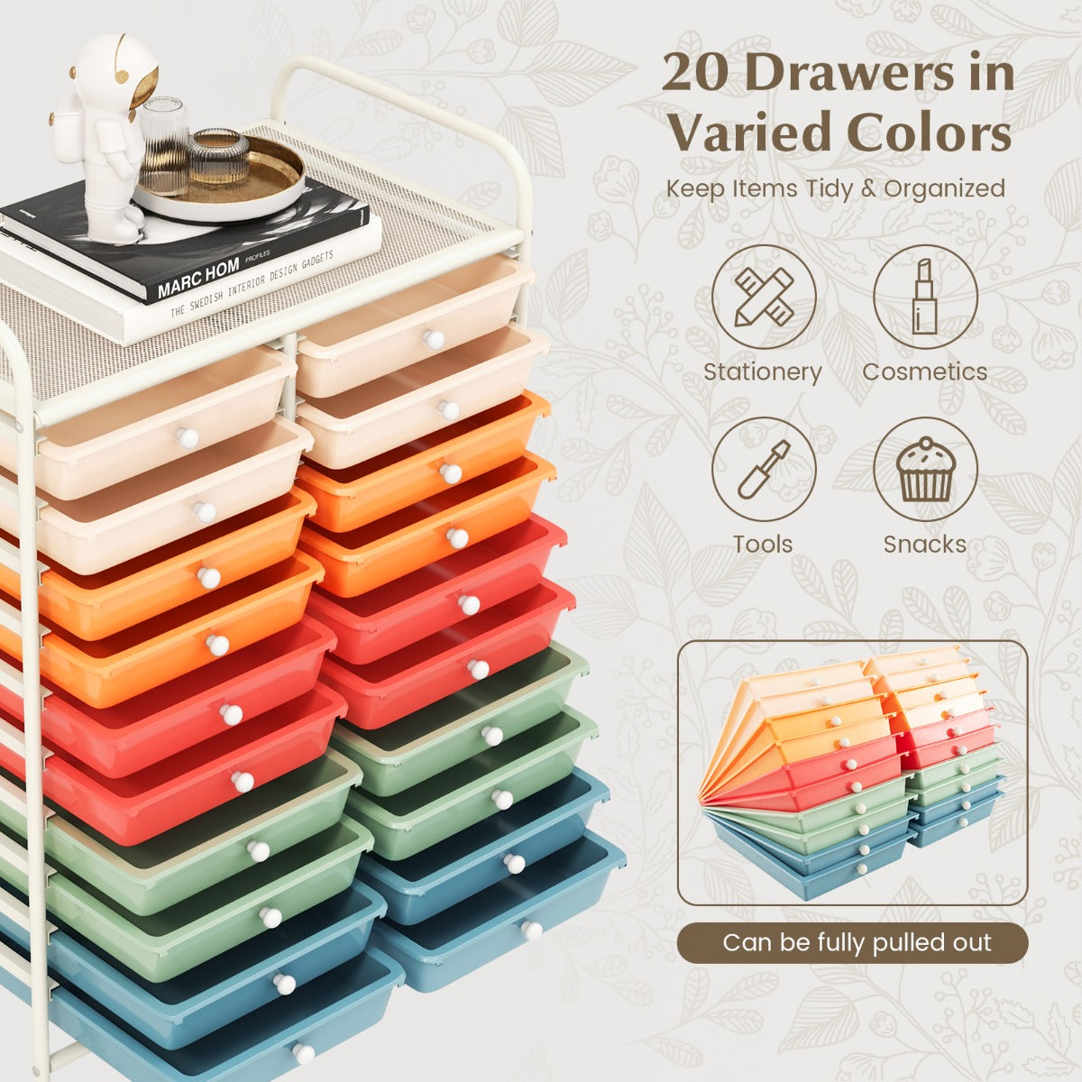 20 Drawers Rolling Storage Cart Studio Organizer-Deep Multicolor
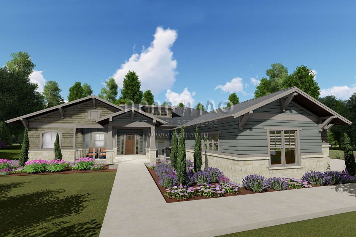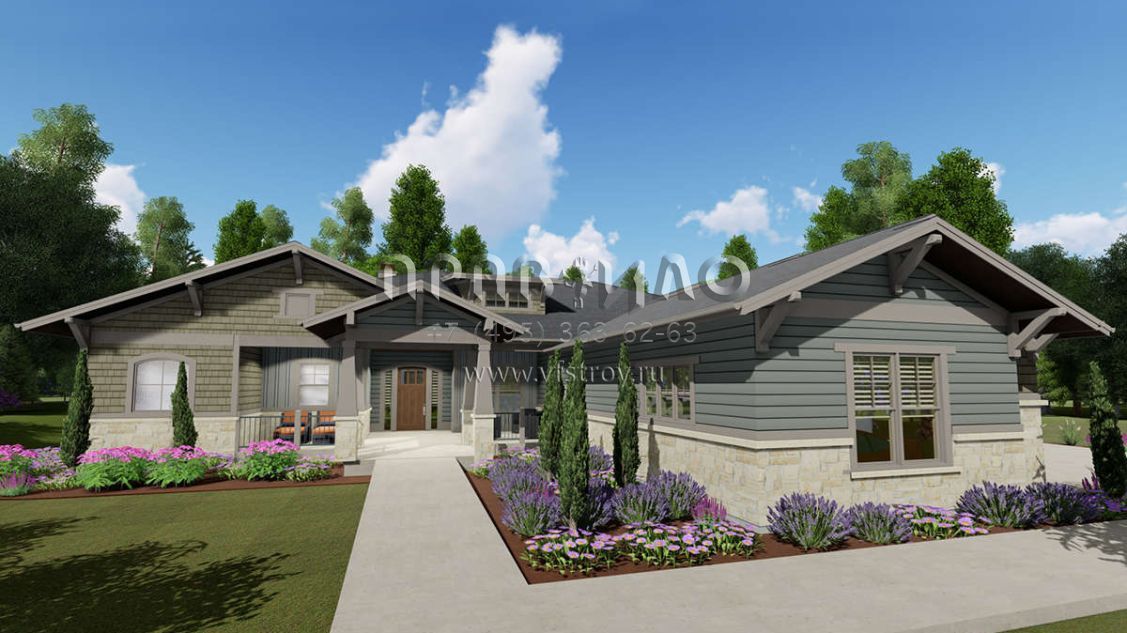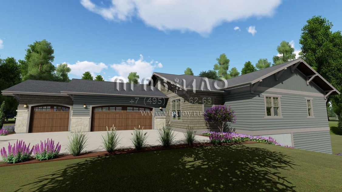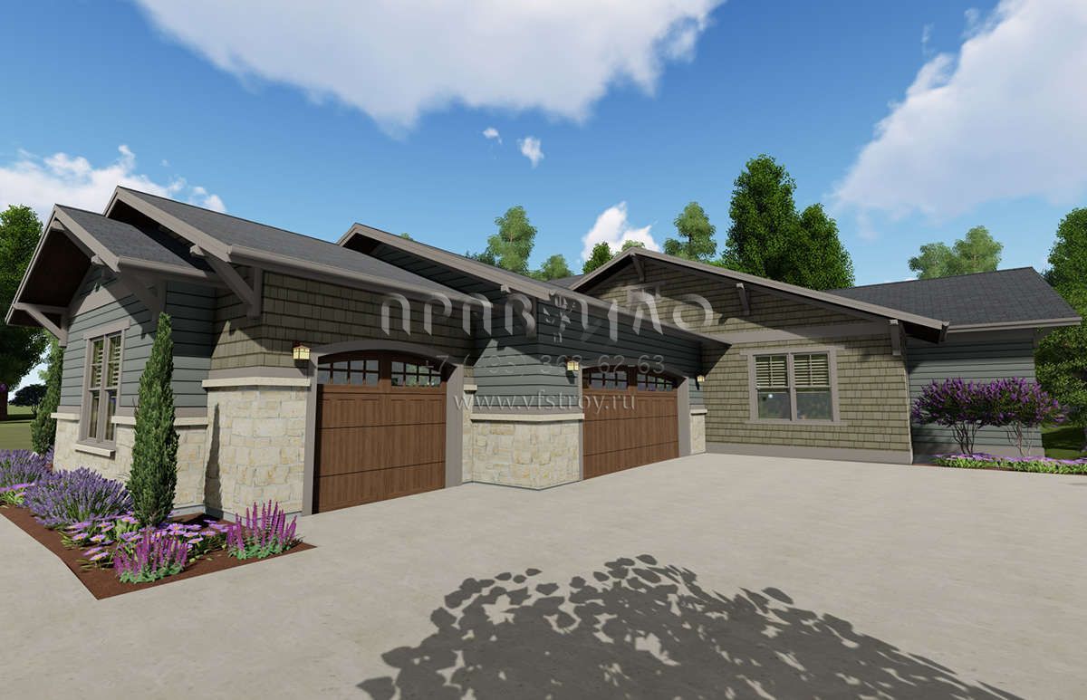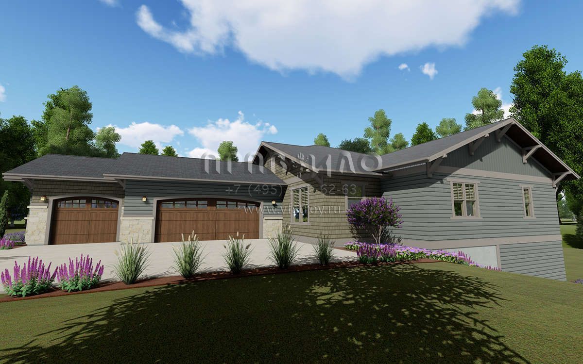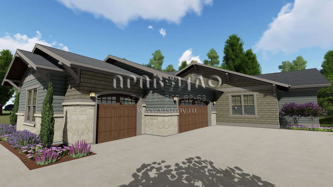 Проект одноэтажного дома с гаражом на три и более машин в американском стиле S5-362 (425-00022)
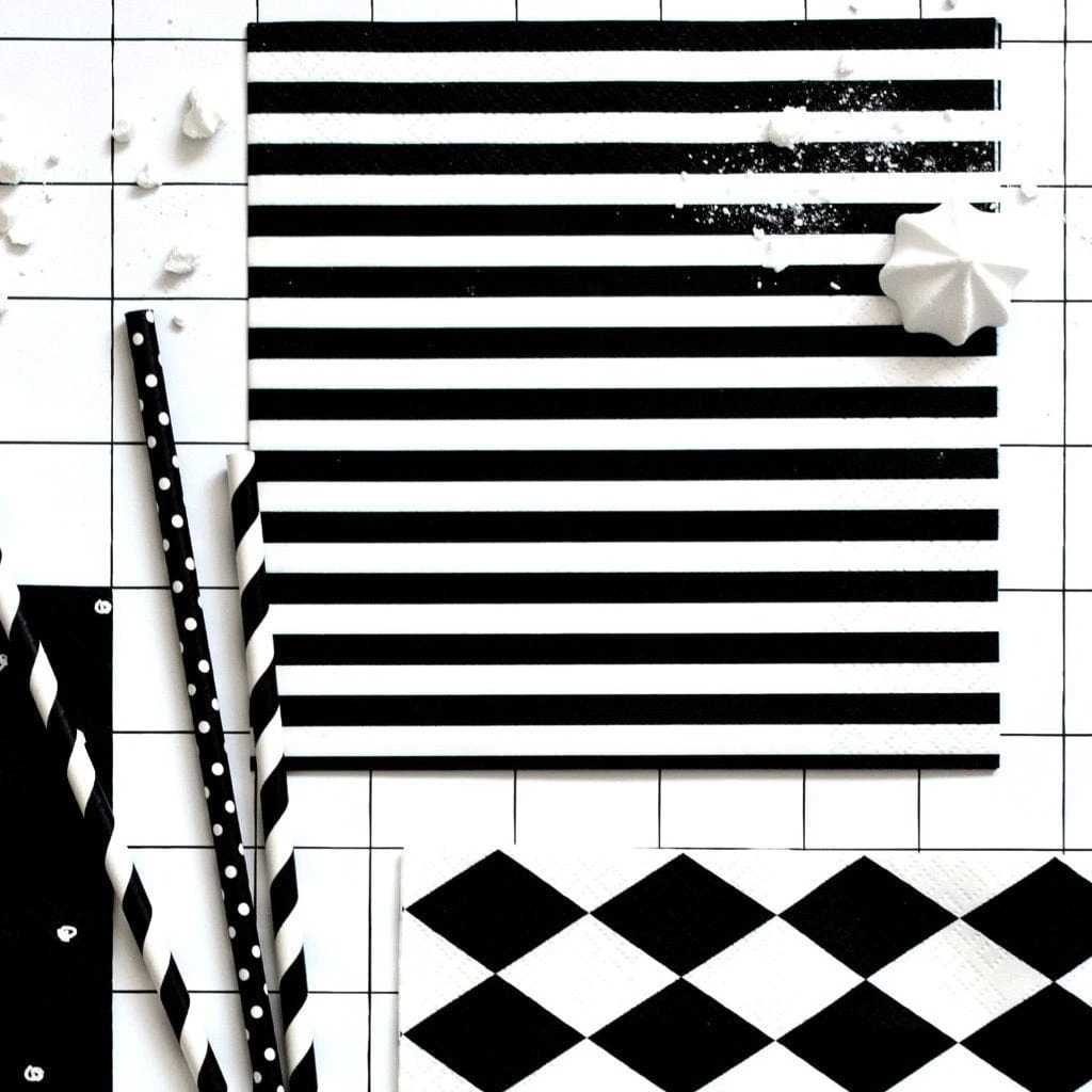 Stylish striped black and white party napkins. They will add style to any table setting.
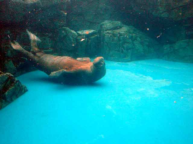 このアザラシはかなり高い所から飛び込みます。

* * *

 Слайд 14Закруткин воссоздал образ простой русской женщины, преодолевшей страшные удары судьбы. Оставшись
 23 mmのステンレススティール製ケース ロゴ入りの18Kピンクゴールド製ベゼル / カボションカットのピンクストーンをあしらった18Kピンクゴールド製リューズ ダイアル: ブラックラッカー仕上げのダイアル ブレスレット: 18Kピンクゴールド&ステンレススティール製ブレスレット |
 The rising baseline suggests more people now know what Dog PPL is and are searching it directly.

* * *

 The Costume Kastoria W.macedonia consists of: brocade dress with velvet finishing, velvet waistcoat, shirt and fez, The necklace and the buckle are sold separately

PROBLEM REQUIREMENTS:
Output exactly the lines above, from the line with "20 Drawers Rolling" to the line with "このアザラシはかなり高い所から飛び込みます。", both included; skip the pictures.

TASK RESPONSE:
 20 Drawers Rolling Storage Cart Studio Organizer-Deep Multicolor
 Проект одноэтажного дома с гаражом на три и более машин в американском стиле S5-362 (425-00022)
 Stylish striped black and white party napkins. They will add style to any table setting.
 このアザラシはかなり高い所から飛び込みます。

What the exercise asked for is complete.